> [Task details] Using the records below, write out again exactly the lines that begin at the line containing "15家违约房企2021年全口" and end at the line containing "Elevate your wardrobe", and no other lines.

> [Supplied material]
○ ○ ○ ○ ○
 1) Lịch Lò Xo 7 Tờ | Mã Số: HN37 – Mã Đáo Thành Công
○ ○ ○ ○ ○
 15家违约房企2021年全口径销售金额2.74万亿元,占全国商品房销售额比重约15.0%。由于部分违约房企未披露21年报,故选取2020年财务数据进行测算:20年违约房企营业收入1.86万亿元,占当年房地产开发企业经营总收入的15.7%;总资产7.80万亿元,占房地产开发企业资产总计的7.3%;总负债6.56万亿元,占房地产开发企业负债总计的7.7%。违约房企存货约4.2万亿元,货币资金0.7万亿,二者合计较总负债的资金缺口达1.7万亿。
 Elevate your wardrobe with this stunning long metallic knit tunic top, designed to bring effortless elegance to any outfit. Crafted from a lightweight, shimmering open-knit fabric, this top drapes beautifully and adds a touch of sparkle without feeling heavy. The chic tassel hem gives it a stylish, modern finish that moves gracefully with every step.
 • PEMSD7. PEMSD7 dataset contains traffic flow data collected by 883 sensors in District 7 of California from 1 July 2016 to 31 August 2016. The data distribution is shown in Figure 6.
○ ○ ○ ○ ○
> [Response area]
 15家违约房企2021年全口径销售金额2.74万亿元,占全国商品房销售额比重约15.0%。由于部分违约房企未披露21年报,故选取2020年财务数据进行测算:20年违约房企营业收入1.86万亿元,占当年房地产开发企业经营总收入的15.7%;总资产7.80万亿元,占房地产开发企业资产总计的7.3%;总负债6.56万亿元,占房地产开发企业负债总计的7.7%。违约房企存货约4.2万亿元,货币资金0.7万亿,二者合计较总负债的资金缺口达1.7万亿。
 Elevate your wardrobe with this stunning long metallic knit tunic top, designed to bring effortless elegance to any outfit. Crafted from a lightweight, shimmering open-knit fabric, this top drapes beautifully and adds a touch of sparkle without feeling heavy. The chic tassel hem gives it a stylish, modern finish that moves gracefully with every step.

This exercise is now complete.